๐Ÿ†• Haystack 2.29 is here! Hybrid search with MultiRetriever and TextEmbeddingRetriever
Maintained by deepset

Integration: Vespa

Use the Vespa search engine as a document store with Haystack

Authors
deepset

Table of Contents

Overview

Vespa is an open-source search engine and vector database that supports vector search, lexical search, and search in structured data, all in the same query. This integration lets you use Vespa as a DocumentStore in Haystack pipelines and provides retrievers for both embedding-based and keyword-based search.

It is built on top of pyvespa and expects a Vespa application to be running and reachable (locally via Docker, on Vespa Cloud, or self-hosted). The Vespa schema, including the fields and ranking profiles used by the retrievers, must be defined on the Vespa application before you start indexing or querying.

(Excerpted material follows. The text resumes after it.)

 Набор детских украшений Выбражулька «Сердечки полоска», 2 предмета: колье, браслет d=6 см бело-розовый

When connecting to Vespa Cloud, VespaDocumentStore supports either token-based authentication via vespa_cloud_secret_token (or the VESPA_CLOUD_SECRET_TOKEN environment variable) or mTLS authentication via the cert and key parameters pointing to your data plane certificate and key files.

Installation

pip install vespa-haystack

The integration requires Python 3.10+, haystack-ai>=2.28.0 and pyvespa>=0.58.0.

Usage

Components

This integration introduces the following components:

  • VespaDocumentStore: a DocumentStore backed by a Vespa application. It connects to the Vespa endpoint (VESPA_URL by default) and reads/writes documents into the configured schema and namespace.
  • VespaEmbeddingRetriever: retrieves documents from a VespaDocumentStore using vector similarity (nearest-neighbor search on the configured embedding field).
  • VespaKeywordRetriever: retrieves documents from a VespaDocumentStore using Vespa’s lexical search (e.g. BM25 ranking).

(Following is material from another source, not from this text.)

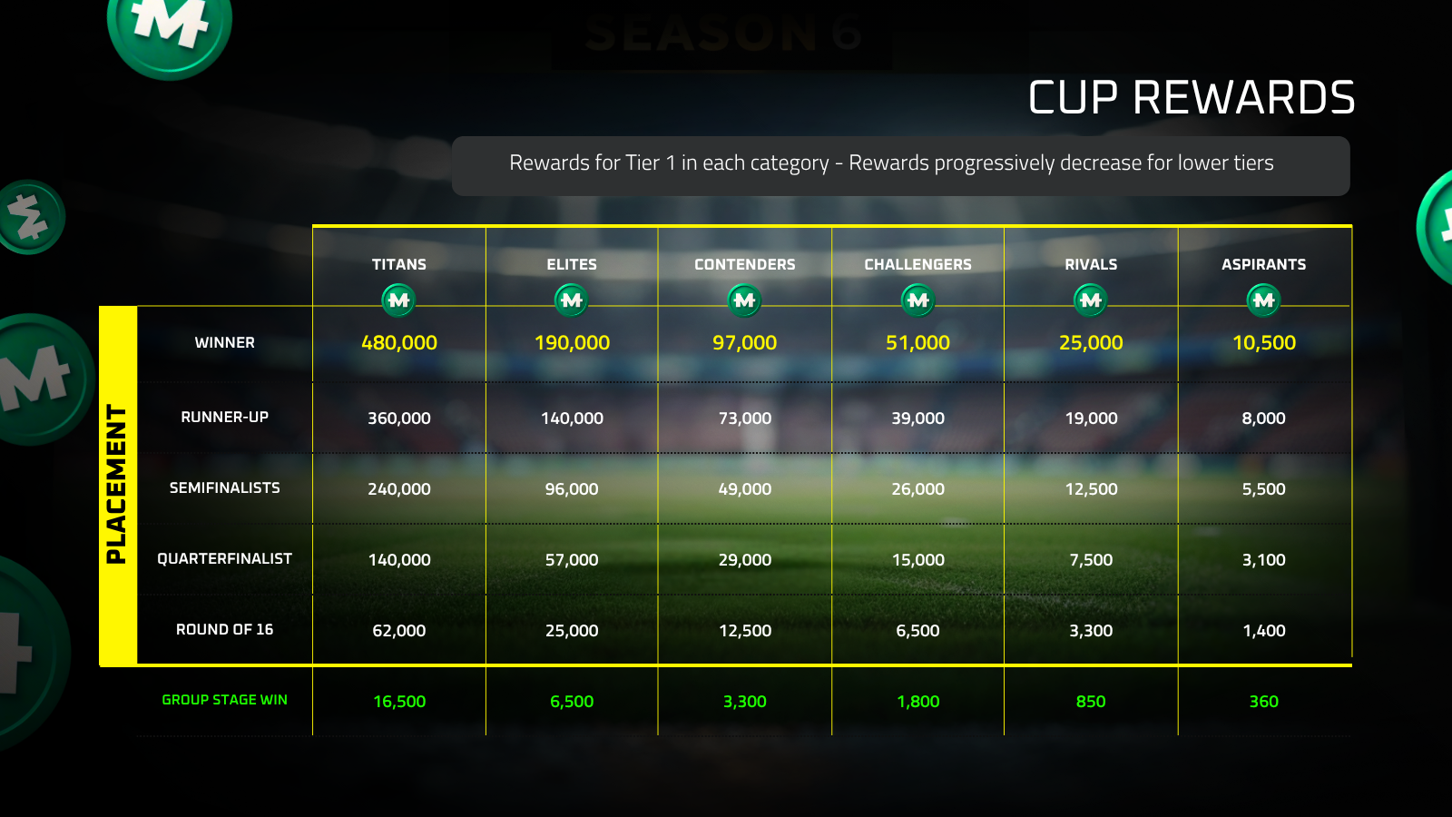 Las recompensas de competición son la principal forma en que $MFL fluye al juego. Cada temporada, los clubs y sus jugadores ganan $MFL basándose en lo bien que rindieron. Cuanto mejor lo hagas, más cobra todo el mundo.

Indexing and embedding retrieval

from haystack import Pipeline
from haystack.components.embedders import (
    SentenceTransformersDocumentEmbedder,
    SentenceTransformersTextEmbedder,
)
from haystack.components.writers import DocumentWriter
from haystack.dataclasses import Document

from haystack_integrations.components.retrievers.vespa import VespaEmbeddingRetriever
from haystack_integrations.document_stores.vespa import VespaDocumentStore

document_store = VespaDocumentStore(
    schema="doc",
    namespace="doc",
    content_field="content",
    embedding_field="embedding",
    metadata_fields=["category"],
)

indexing = Pipeline()
indexing.add_component("embedder", SentenceTransformersDocumentEmbedder())
indexing.add_component("writer", DocumentWriter(document_store=document_store))
indexing.connect("embedder", "writer")

indexing.run({"embedder": {"documents": [
    Document(id="1", content="Haystack integrates with Vespa for search.", meta={"category": "docs"}),
]}})

querying = Pipeline()
querying.add_component("text_embedder", SentenceTransformersTextEmbedder())
querying.add_component(
    "retriever",
    VespaEmbeddingRetriever(
        document_store=document_store,
        top_k=2,
        query_tensor_name="query_embedding",
    ),
)
querying.connect("text_embedder", "retriever")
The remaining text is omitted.